--- EXERCISE BRIEF ---
Could you restate the whole listing below word for word, minus the pictures?

___ PROVIDED MATERIAL

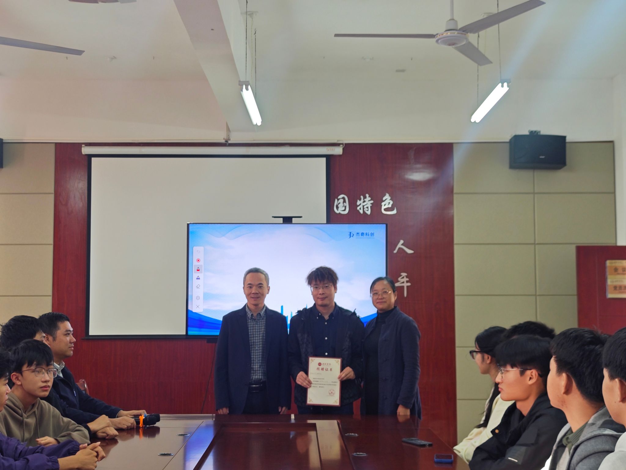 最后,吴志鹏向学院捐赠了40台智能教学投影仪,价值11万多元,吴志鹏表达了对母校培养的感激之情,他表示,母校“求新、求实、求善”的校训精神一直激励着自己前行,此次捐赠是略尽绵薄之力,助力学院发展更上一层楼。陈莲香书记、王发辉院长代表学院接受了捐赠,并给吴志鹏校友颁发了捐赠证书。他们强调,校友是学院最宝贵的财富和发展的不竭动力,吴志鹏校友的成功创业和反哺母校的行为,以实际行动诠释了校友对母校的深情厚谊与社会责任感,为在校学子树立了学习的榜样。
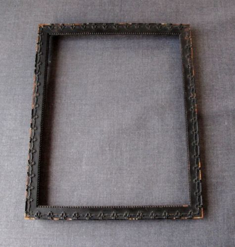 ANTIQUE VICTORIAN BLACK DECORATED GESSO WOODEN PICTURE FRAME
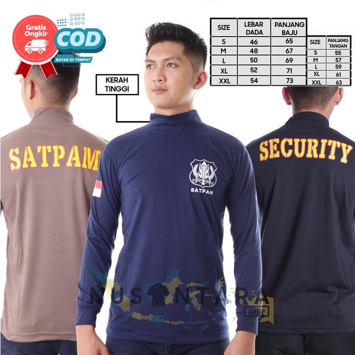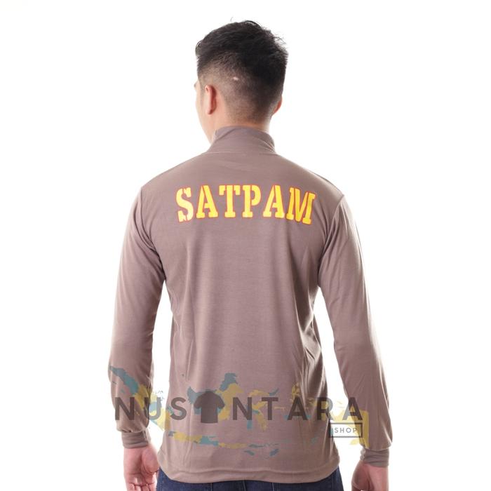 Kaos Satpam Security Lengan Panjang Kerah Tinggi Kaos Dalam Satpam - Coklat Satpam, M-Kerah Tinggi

______

--- TASK OUTPUT ---
 最后,吴志鹏向学院捐赠了40台智能教学投影仪,价值11万多元,吴志鹏表达了对母校培养的感激之情,他表示,母校“求新、求实、求善”的校训精神一直激励着自己前行,此次捐赠是略尽绵薄之力,助力学院发展更上一层楼。陈莲香书记、王发辉院长代表学院接受了捐赠,并给吴志鹏校友颁发了捐赠证书。他们强调,校友是学院最宝贵的财富和发展的不竭动力,吴志鹏校友的成功创业和反哺母校的行为,以实际行动诠释了校友对母校的深情厚谊与社会责任感,为在校学子树立了学习的榜样。
 ANTIQUE VICTORIAN BLACK DECORATED GESSO WOODEN PICTURE FRAME
 Kaos Satpam Security Lengan Panjang Kerah Tinggi Kaos Dalam Satpam - Coklat Satpam, M-Kerah Tinggi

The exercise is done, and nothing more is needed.